Afghanistan war 'debate' needs to reflect majority view

Anti-war activists held a protest outside federal parliament in Canberra during Barack Obama's Australian visit. Photo: Pip Hinm

“Gillard and Abbott fly in and out of Afghanistan under heavy protection from harm. Both curry political advantage from the khaki vote. The rest of us see young Ozzie lives ripped apart without any obvious gain to ordinary Afghans. Let the pollies go and fight their own useless war …”

“Dan51” from Sydney, who made this comment under a November 22 Sydney Morning Herald article, is part of the majority (64% in the November 21 Essential Poll or 72% according to Roy Morgan), who want Australian soldiers out of Afghanistan.

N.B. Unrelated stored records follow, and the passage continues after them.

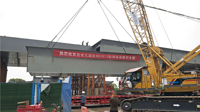 由重裝公司承接的光谷大道鋼箱梁GN19聯(lián)總長(zhǎng)217米,寬26米,共計(jì)82個(gè)節(jié)段,全橋合計(jì)3347噸。重裝公司充分發(fā)揚(yáng)武船迎難而上、精誠(chéng)合作的精神,踐行“誠(chéng)信為本,信譽(yù)至上”的經(jīng)營(yíng)理念,同時(shí)嚴(yán)把安全關(guān)、質(zhì)量關(guān),圓滿完成項(xiàng)目節(jié)點(diǎn)履約工作, 提前一周完成了光谷大道主線鋼箱梁6?30貫通的重大節(jié)點(diǎn)。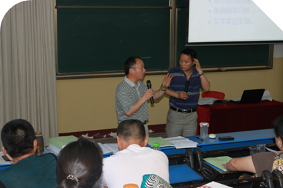 在这里我们不得不提到一位学员陈新阶老师——江岸区石桥小学58岁的科学教师。作为这次培训班的最年长者,陈老师用他求学的精神,丰富的教学经验,谈谐幽雅的“咨询”一次又一次将自己的“发难”抛给了四位主讲教师。彼此的交流与互补让我们的课堂一次又一次地推向高潮,主讲的老师高兴了,参培的学员们兴奋了,就连班主任甘老师也自行地投入这场趣味横生的大探讨之中。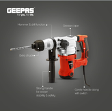 چکش چرخشی Geepas 26 میلیمتری، دارای یک موتور قدرتمند است. این موتور امکان انجام فعالیتهای زیادی از حفاری تا سوراخ کاری و پیچکاری را فراهم میکند. چاک بدون کلید امکان تغییر سریع و آسان بیت را در صورت لزوم می دهد.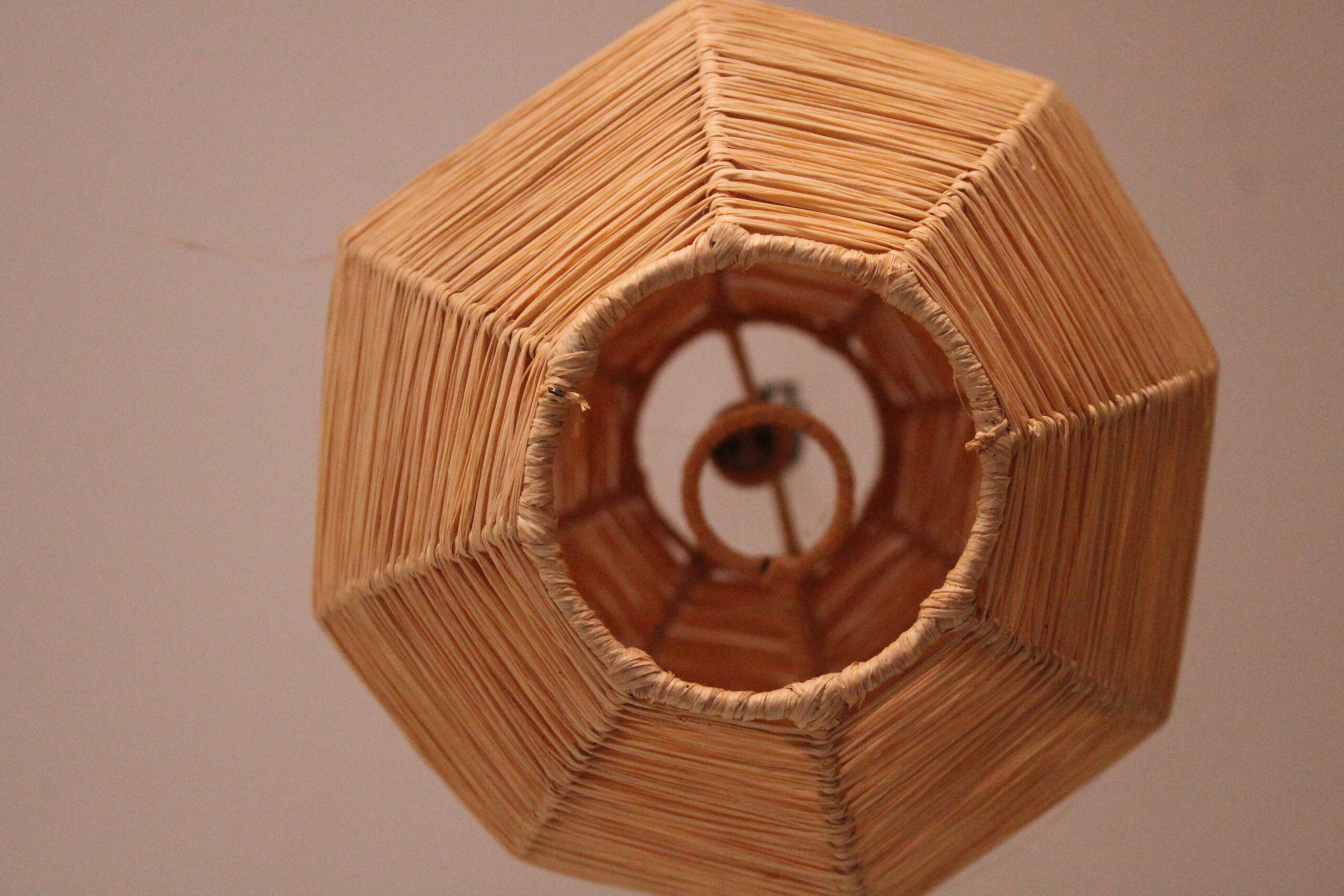 Hand-crafted hanging lamp in raffia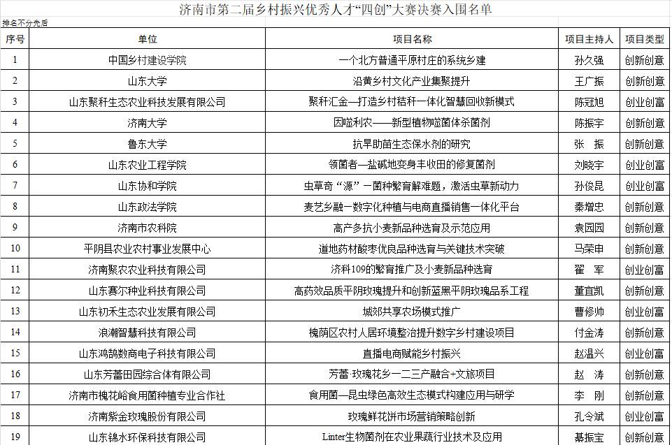 齐鲁网·闪电新闻10月11日讯 记者从济南市农业农村局获悉,经过激烈的角逐,济南市第二届乡村振兴优秀人才创新创意创业创富大赛决赛入围名单已出。
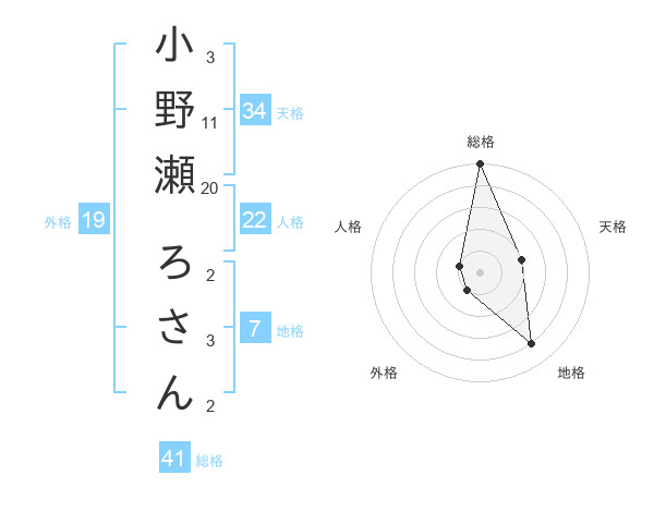 小野瀬 ろさんさんの総格は41画の5点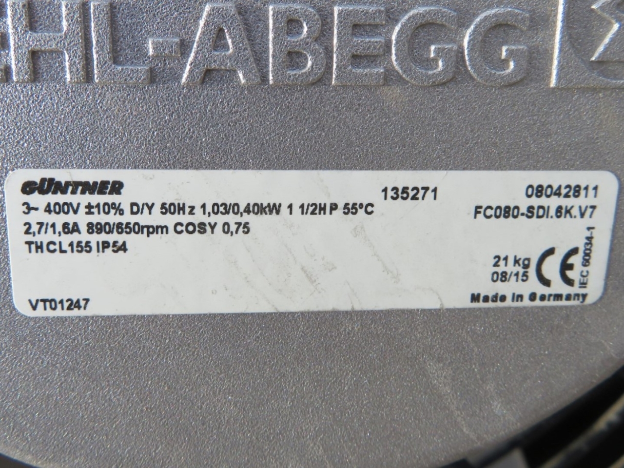 Used Güntner S-AGHN 080.2E/27-END/20P.E NH3 evaporator with electric defrost. Complete with 2 Ziehl-Abegg FC080-SDI.6K.V7 fans - 50 Hz - 1,03/0,40 kW - 890/650 RPM - diameter 800 mm and a total airflow of 37.040 m³/h.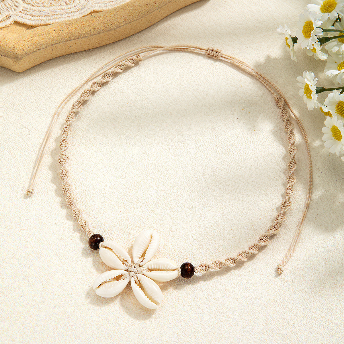 Wholesale Bohemian shell woven flower wooden beads rope adjustable women's necklace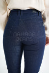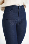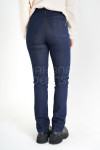 Pantalón recto jean azul estático elastizado, tiro alto.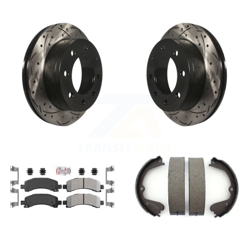 Rear Disc Drilled & Slotted Rotors Semi-Metallic Pads And Parking Brake Shoes Kit For KDA-103260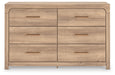 The natural wood tones and clean lines of this dresser echo your easygoing style sensibilities. With a warm finish and replicated oak grain, its carefree character lightens up your bedroom. Curved inner corner details soften the look, while sleek bronze-tone hardware modernizes the feel.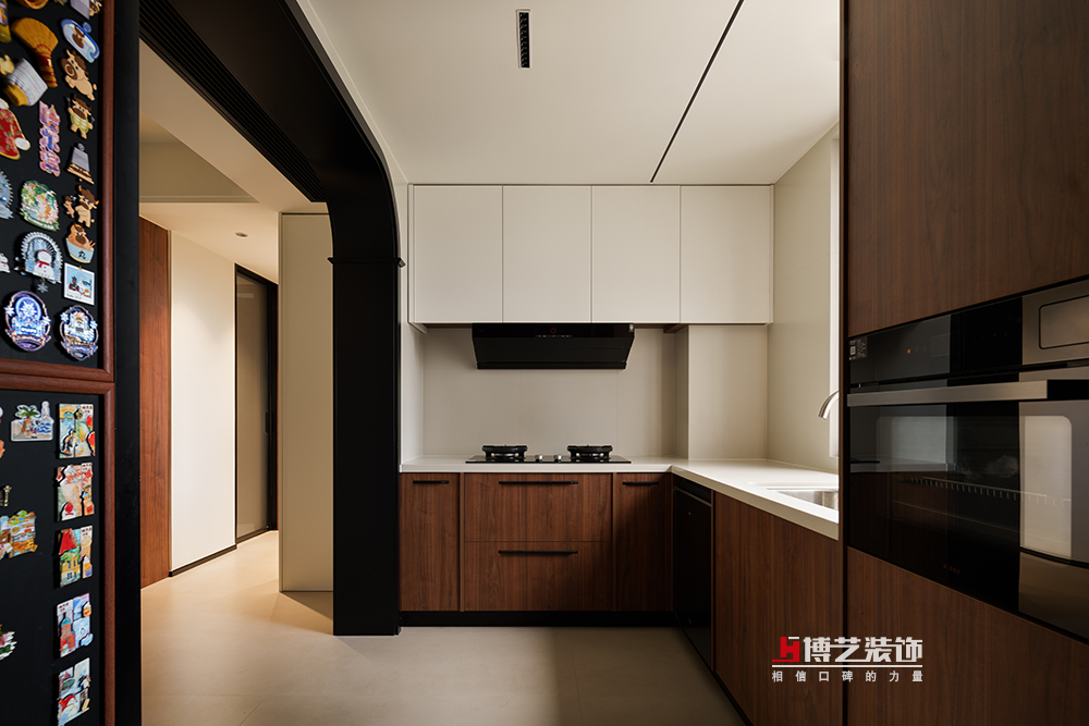 選用胡桃木溫暖的材質(zhì),與白色的臺(tái)面呼應(yīng),復(fù)古中不乏帶點(diǎn)清爽,呈現(xiàn)不一樣的生活氣息。空白的一面墻留給家里的收藏——冰箱貼,時(shí)間在這里變得柔軟,過去的歡樂時(shí)光仿佛電影般在這里呈現(xiàn)。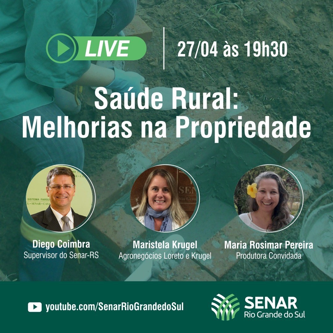 A live será transmitida a partir das 19h30min, no Canal do Senar-RS no YouTube.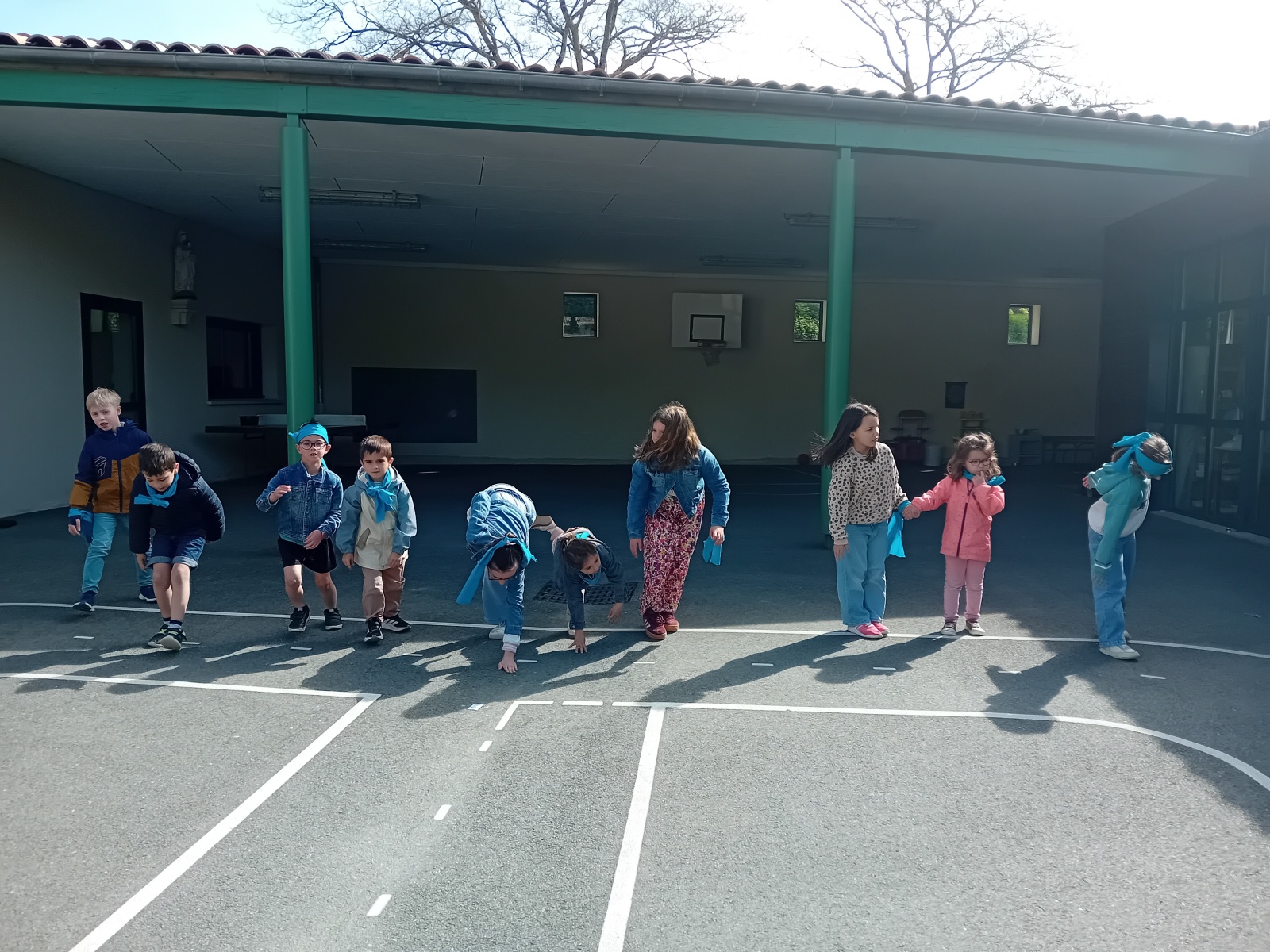 Pour fêter cet anniversaire, nous avons vécu un temps fort le vendredi 10 avril 2026. Tous les élèves se sont rassemblés et nous avons d’abord vécu un échauffement guidé par les élèves de CE2-CM1-CM2 de la classe de Véronique.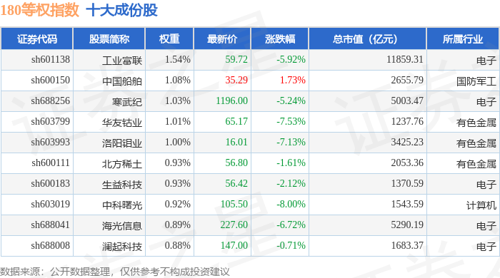 证券之星消息,10月14日,180等权(000051)指数报收于9305.79点,跌0.7%,成交4609.91亿元,换手率0.96%。当日该指数成份股中,上涨的有93家,天合光能以8.39%的涨幅领涨,下跌的有79家,中科曙光以8.0%的跌幅领跌。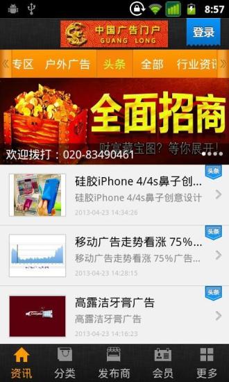 中国广告门户是中国广告行业移动手机客户端,广告设备产品网络交易平台,中国广告门户提供供求信息发布平台,免费展示最新最全广告行业供求信息,寻找商机就到中国广告门户。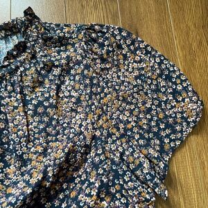 Gap floral blouse with ruffle neckline Navy with white,yellow, purple flowers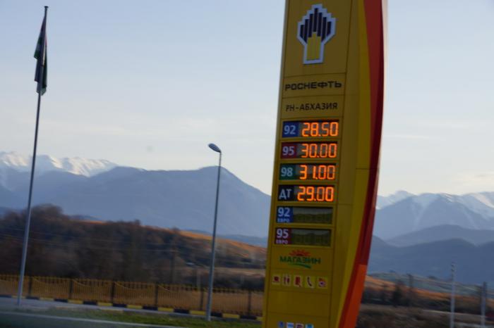 Проехав контроль, оказываешься на рынке, от куда зимой везут мешками мандарины и прочие фрукты в Россию. Вдруг мы вспомнили, что забыли заправиться в России, и не знали что нас ждет впереди, какой асфальт и какой бензин. Проехал одну безымянную заправку к нашему безумного удивлению мы увидели знакомую нам вывески Роснефть! И цены на заправке нас приятно удивили, дешевле чем в Краснодаре.
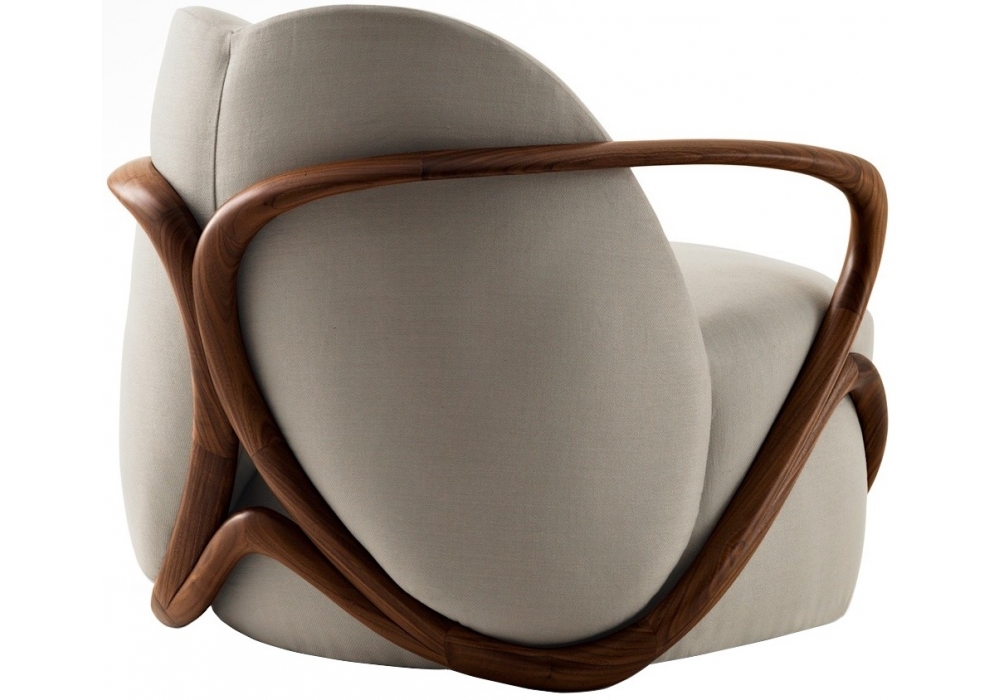 Hug firmata Rossella Pugliatti per Giorgetti è una poltrona con struttura in noce canaletto con rivestimento in tessuto o pelle.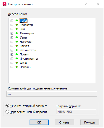 В верхней части диалогового окна располагается дерево меню. Зеленым кружком отмечены опции, доступные из меню в данный момент. Красный кружок обозначает опции, в данный момент недоступные. Выбором соответствующей опции пользователь может изменить цвет кружка и тем самым добавить опцию в меню или удалить ее из меню. Зеленый кружок с буквой М означает, что опцию нельзя удалить.
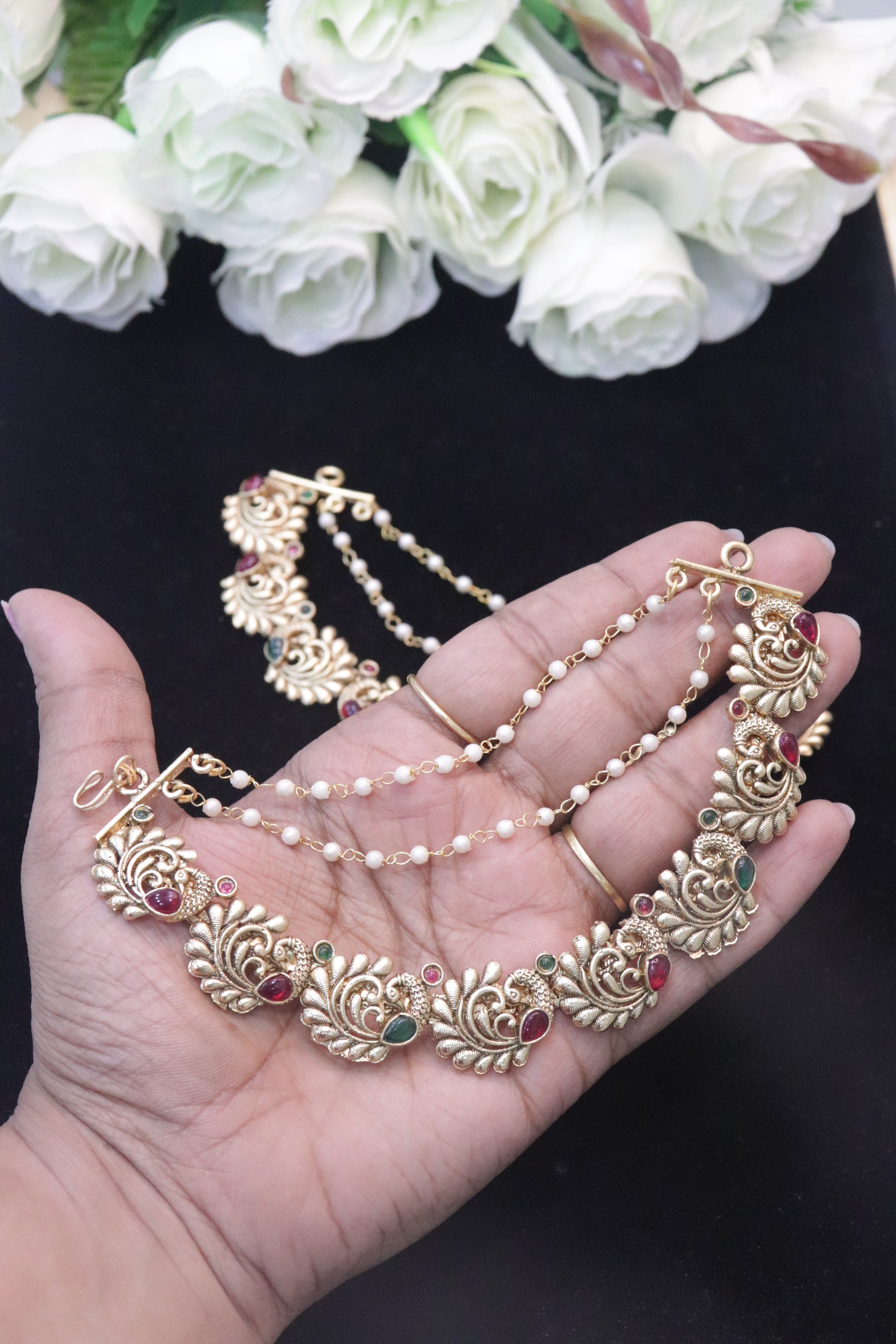 Step into timeless elegance with the Royal Peacock Antique Pearl Ear Chain, a celebration of heritage and artistry. Designed with intricate peacock motifs and enriched with ruby and emerald stones, this piece exudes divine charm and traditional splendor.

These poll results show significant opposition to Australia’s involvement in the 10-year long war in Afghanistan. But the big parties are pushing for it to continue even beyond 2014, the year nominated by NATO for “turning over Afghan security to the Afghan government”.

PM Julia Gillard told parliament on November 21 that special forces soldiers may be in Afghanistan well after the “draw down” of US-NATO troops in 2014.

“Training [the Afghan army and police] is pivotal to [our] mission,” she said. “The government will keep under consideration a continued Australian special forces presence in Afghanistan beyond 2014.”

She said much the same during last year’s parliamentary “debate”. At the same time, US President Barack Obama, under growing pressure in the US, was talking up an “exit” strategy. Labor is not immune from the pressure, however. Defence minister Stephen Smith contradicted the PM on November 22 by saying that the troops may leave in 2013.

Opinion on the war has become more sharply polarised this year, and particularly since at least four of the 32 soldiers who have died were killed by the people they were training.

A jingoistic mass media means very little real news about the war’s real impact gets out. But it’s now being reported that Afghan army chief Brigadier-General Mohammed Zafar Khan has repeatedly asked for Australian troops to leave, saying the Afghan National Army soldiers should be given a chance to take over security in Oruzgan province.

Australian-supported war-lord-turned-chief-of-police in Oruzgan, Matiullah Khan, has been implicated in serious human rights abuses.

Anti-war campaigner and former Afghan MP Malalai Joya says all hope that the foreign troops would eradicate the Taliban fundamentalists has gone. “The Afghan people have lost all trust in the foreign troops: they see that they are making things even more complicated”, she said on the 10-year anniversary of the invasion.



Some from the pro-war camp, such as General Allan Stretton and former officer Clive Williams, now say the war is “unwinnable”. Others say the war is unjust and immoral.

Whichever angle, the polls show most Australians no longer think the war is about “bringing democracy” to Afghanistan.

Stretton has been a thorn in the government’s side for some time. He and Williams wrote in the November 14 Sydney Morning Herald that the troops should leave because “it seems doubtful that the Afghan National Army will be capable of taking over security by 2014”.

Large audiences for Joya, who has now visited Australia three times, show that there is an opportunity to ramp up the political pressure. But it takes courage to speak out when jingoism abounds — and when the US president is in town.

The Greens missed an important opportunity on November 17 when Obama addressed parliament. As the only parliamentary party to call for the troops to leave, the Greens could have talked up the huge dissent against the war. But they, along with the rest of the MPs, seemed more concerned about respectability.

However, a group of anti-war activists on parliament lawns that day, including Christine Assange — mother of WikiLeaks founder Julian — and war veterans opposed to the wars in Iraq and Afghanistan, aired the real impact of the war and militarism.

Whatever the reason, Greens MPs’ decision not to join the protest — even after having agreed to speak at it — helps obscure Barack Obama’s imperial aims in Afghanistan, the Middle East and south east Asia. It makes it harder to transform the still largely passive, but overwhelming, anti-war sentiment of people like Dan51 into something more potent.